Requirement — Images within the entries are to be omitted; the remainder must be reproduced exactly.

Extracted records —

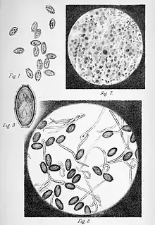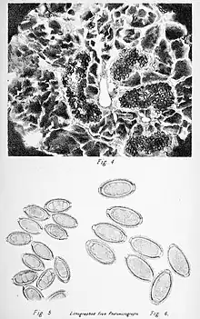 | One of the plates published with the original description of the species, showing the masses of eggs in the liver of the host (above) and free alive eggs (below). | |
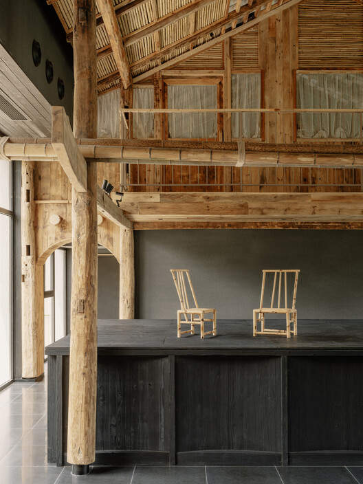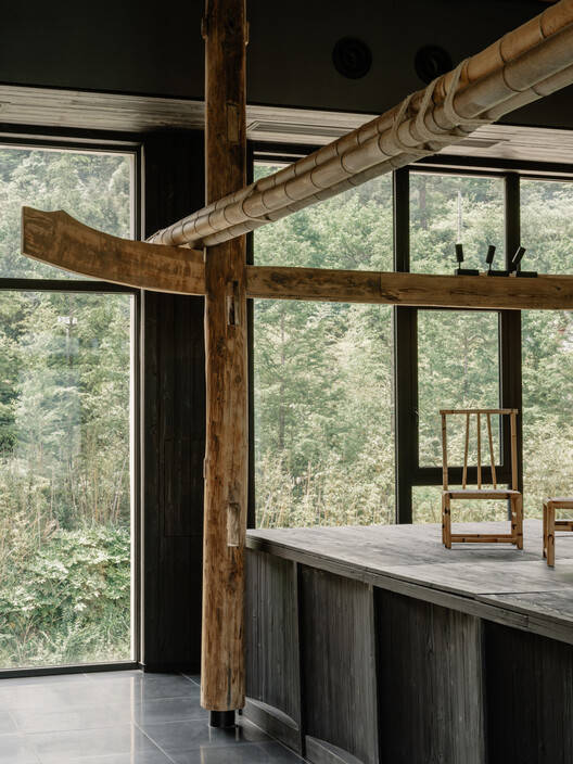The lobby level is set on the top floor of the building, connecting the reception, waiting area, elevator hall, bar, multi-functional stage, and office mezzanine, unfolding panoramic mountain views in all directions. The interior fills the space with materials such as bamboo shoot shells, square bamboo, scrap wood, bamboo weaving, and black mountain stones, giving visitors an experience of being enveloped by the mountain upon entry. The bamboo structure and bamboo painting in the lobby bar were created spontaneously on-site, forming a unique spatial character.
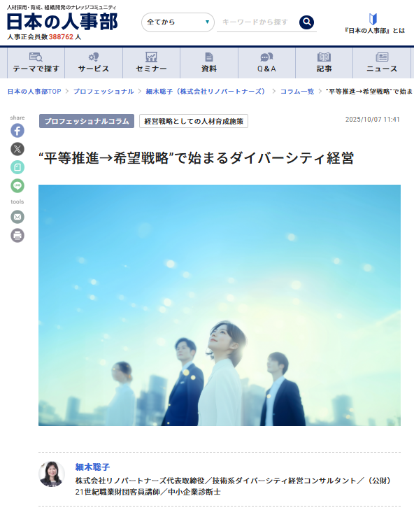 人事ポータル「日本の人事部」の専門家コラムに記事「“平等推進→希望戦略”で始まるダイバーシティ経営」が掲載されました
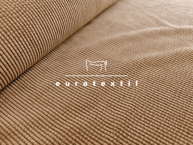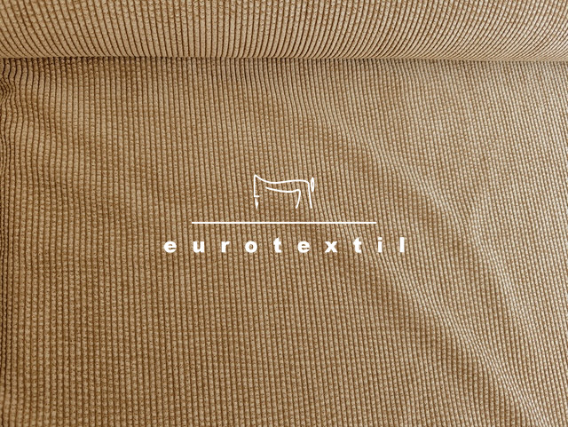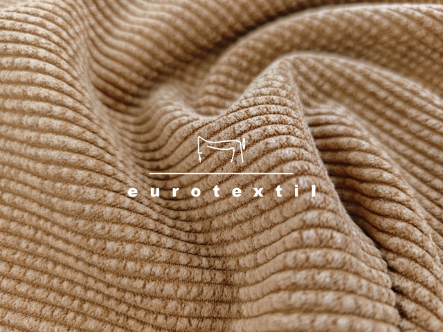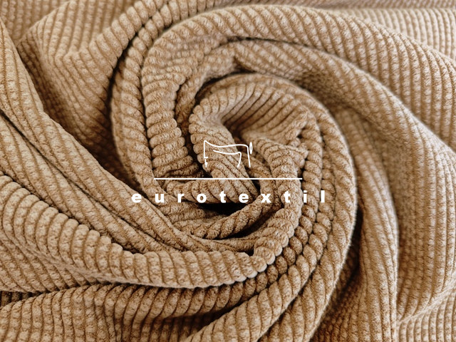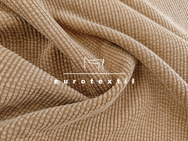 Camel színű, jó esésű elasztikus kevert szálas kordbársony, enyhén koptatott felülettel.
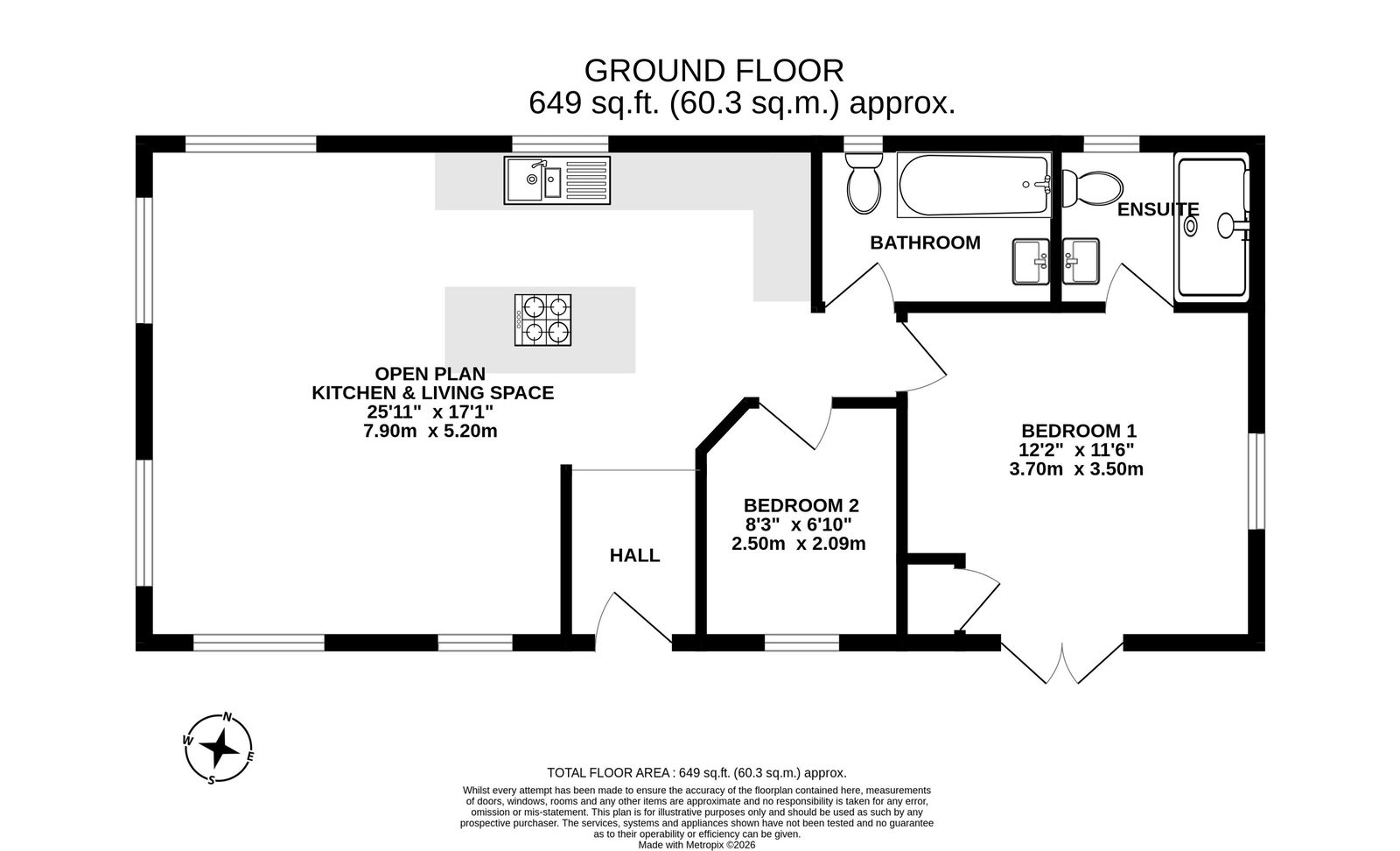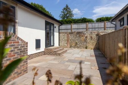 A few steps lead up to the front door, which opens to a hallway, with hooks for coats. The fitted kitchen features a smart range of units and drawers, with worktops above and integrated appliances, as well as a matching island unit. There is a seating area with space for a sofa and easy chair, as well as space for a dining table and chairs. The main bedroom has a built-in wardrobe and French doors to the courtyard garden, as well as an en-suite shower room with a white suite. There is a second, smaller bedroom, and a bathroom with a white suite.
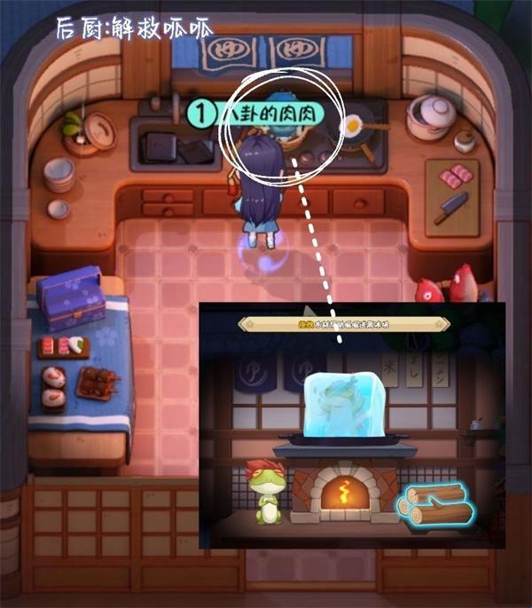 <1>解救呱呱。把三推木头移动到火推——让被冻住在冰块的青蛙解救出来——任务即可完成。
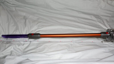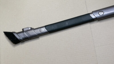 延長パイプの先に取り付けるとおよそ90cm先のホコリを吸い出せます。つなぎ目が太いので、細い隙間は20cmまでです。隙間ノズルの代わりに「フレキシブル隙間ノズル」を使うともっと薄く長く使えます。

Result below —
 | One of the plates published with the original description of the species, showing the masses of eggs in the liver of the host (above) and free alive eggs (below). | |
The lobby level is set on the top floor of the building, connecting the reception, waiting area, elevator hall, bar, multi-functional stage, and office mezzanine, unfolding panoramic mountain views in all directions. The interior fills the space with materials such as bamboo shoot shells, square bamboo, scrap wood, bamboo weaving, and black mountain stones, giving visitors an experience of being enveloped by the mountain upon entry. The bamboo structure and bamboo painting in the lobby bar were created spontaneously on-site, forming a unique spatial character.
 人事ポータル「日本の人事部」の専門家コラムに記事「“平等推進→希望戦略”で始まるダイバーシティ経営」が掲載されました
 Camel színű, jó esésű elasztikus kevert szálas kordbársony, enyhén koptatott felülettel.
 A few steps lead up to the front door, which opens to a hallway, with hooks for coats. The fitted kitchen features a smart range of units and drawers, with worktops above and integrated appliances, as well as a matching island unit. There is a seating area with space for a sofa and easy chair, as well as space for a dining table and chairs. The main bedroom has a built-in wardrobe and French doors to the courtyard garden, as well as an en-suite shower room with a white suite. There is a second, smaller bedroom, and a bathroom with a white suite.
 <1>解救呱呱。把三推木头移动到火推——让被冻住在冰块的青蛙解救出来——任务即可完成。
 延長パイプの先に取り付けるとおよそ90cm先のホコリを吸い出せます。つなぎ目が太いので、細い隙間は20cmまでです。隙間ノズルの代わりに「フレキシブル隙間ノズル」を使うともっと薄く長く使えます。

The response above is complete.